The problem
Your answer must be the exact lines below, starting with the line with "panorámica de la torre" and going on through the line with "первенство в регионе", both included, with no pictures.

[Source records]
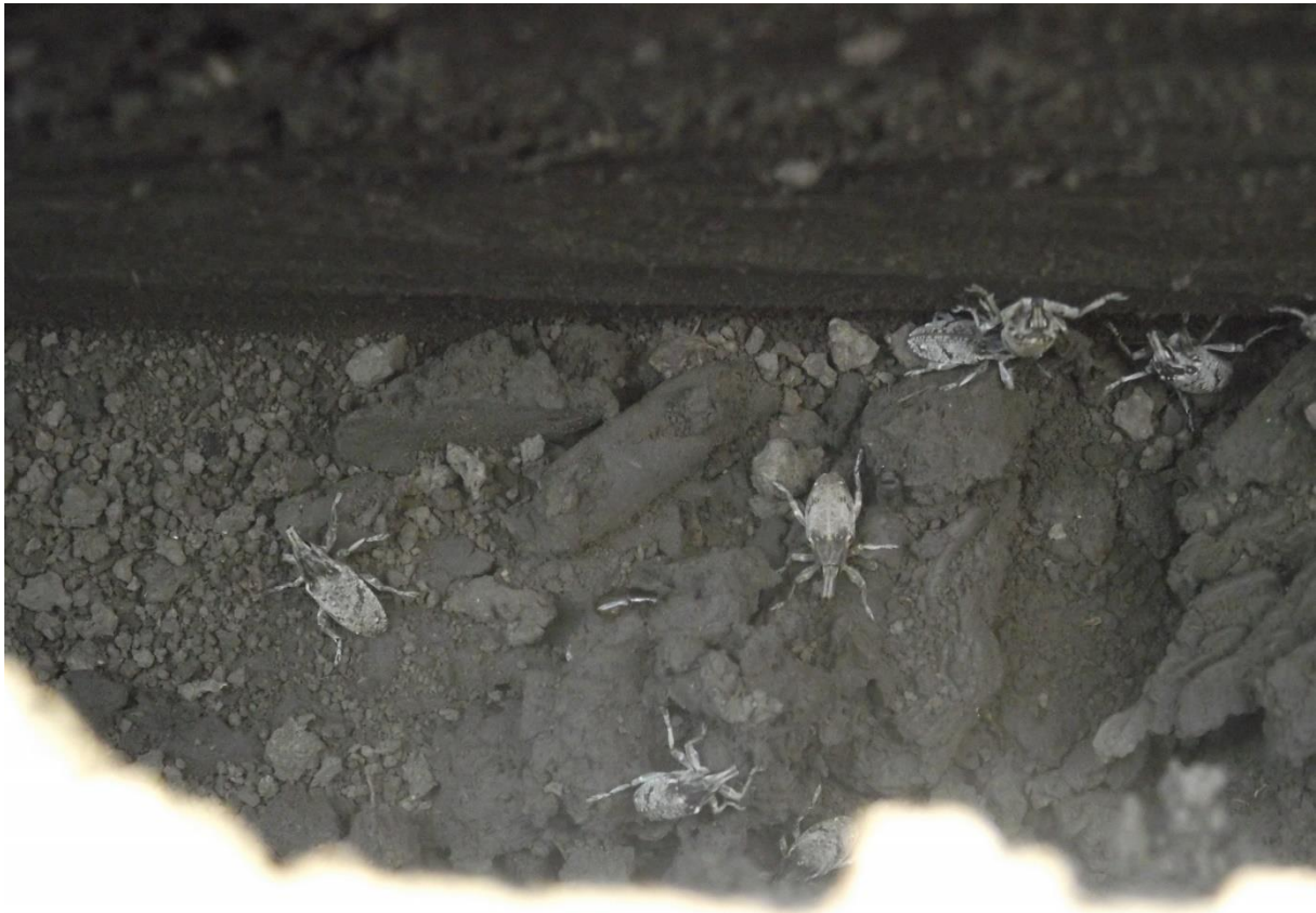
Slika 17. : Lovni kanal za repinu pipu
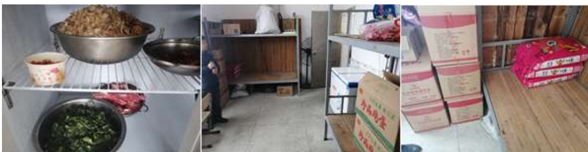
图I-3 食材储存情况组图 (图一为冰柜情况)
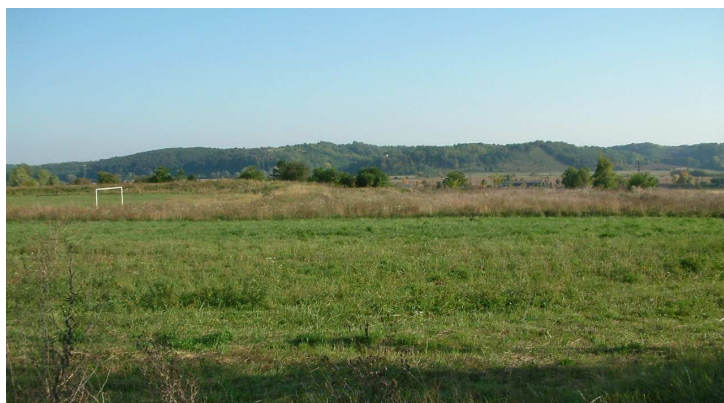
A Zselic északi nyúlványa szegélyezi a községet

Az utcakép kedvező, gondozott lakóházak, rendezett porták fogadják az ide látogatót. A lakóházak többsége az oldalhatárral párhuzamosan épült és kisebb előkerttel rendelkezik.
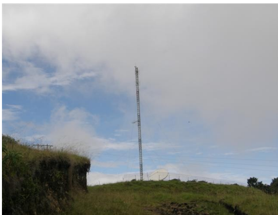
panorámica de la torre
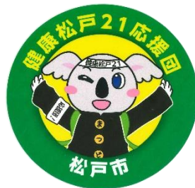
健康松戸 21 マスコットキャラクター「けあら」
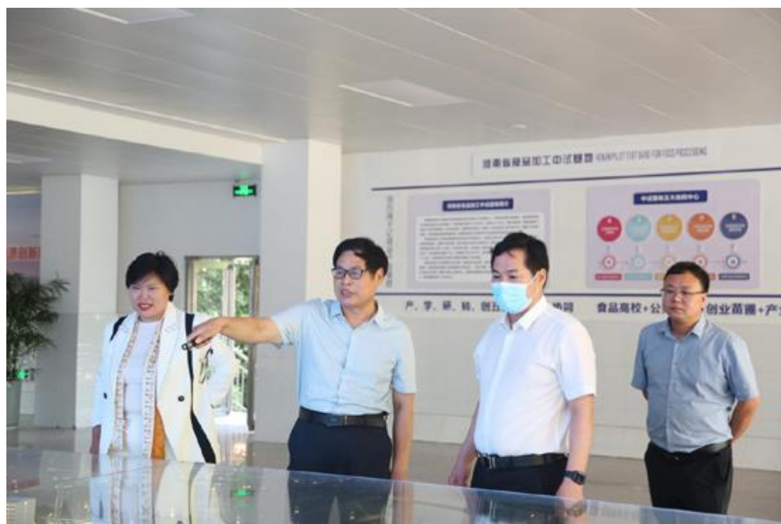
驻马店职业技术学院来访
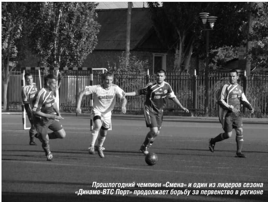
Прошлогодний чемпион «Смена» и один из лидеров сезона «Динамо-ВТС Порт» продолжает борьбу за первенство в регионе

...

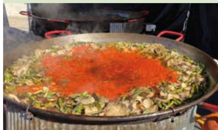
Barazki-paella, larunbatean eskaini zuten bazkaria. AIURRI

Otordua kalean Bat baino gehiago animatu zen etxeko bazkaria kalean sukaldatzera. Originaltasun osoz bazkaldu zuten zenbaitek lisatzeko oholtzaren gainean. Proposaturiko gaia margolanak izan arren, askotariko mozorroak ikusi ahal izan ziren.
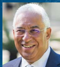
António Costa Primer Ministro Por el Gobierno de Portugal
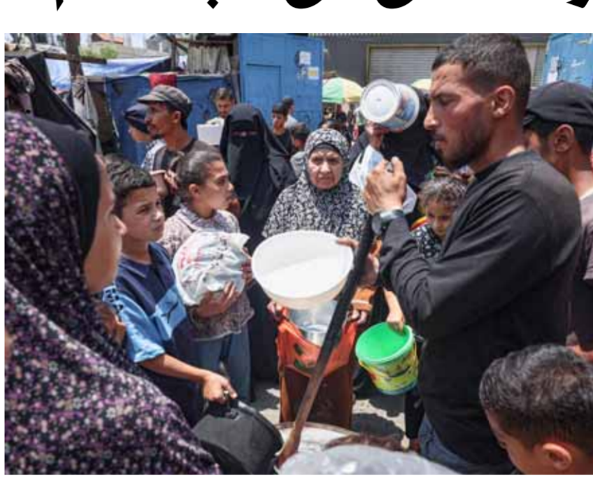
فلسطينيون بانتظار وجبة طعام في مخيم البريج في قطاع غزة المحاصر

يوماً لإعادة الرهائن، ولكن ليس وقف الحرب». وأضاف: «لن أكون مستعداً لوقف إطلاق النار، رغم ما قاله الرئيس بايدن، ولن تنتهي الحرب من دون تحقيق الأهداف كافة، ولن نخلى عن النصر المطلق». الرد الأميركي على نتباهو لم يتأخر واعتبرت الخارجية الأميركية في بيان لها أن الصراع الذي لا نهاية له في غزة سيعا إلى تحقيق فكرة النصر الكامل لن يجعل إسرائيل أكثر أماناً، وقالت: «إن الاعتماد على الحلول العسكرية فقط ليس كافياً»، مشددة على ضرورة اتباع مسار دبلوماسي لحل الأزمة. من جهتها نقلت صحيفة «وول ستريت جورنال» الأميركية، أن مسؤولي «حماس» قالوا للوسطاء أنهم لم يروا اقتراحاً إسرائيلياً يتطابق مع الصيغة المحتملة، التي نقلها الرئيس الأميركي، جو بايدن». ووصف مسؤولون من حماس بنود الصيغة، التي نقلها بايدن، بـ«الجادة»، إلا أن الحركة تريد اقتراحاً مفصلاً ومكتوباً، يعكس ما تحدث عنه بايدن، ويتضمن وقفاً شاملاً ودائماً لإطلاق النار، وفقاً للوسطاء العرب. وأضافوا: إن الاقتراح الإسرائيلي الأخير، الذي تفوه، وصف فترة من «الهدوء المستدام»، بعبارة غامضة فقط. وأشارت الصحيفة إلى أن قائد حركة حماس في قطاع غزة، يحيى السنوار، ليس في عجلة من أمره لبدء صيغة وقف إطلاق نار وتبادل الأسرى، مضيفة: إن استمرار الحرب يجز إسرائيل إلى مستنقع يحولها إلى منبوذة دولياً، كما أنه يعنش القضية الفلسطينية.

The answer
panorámica de la torre
健康松戸 21 マスコットキャラクター「けあら」
驻马店职业技术学院来访
Прошлогодний чемпион «Смена» и один из лидеров сезона «Динамо-ВТС Порт» продолжает борьбу за первенство в регионе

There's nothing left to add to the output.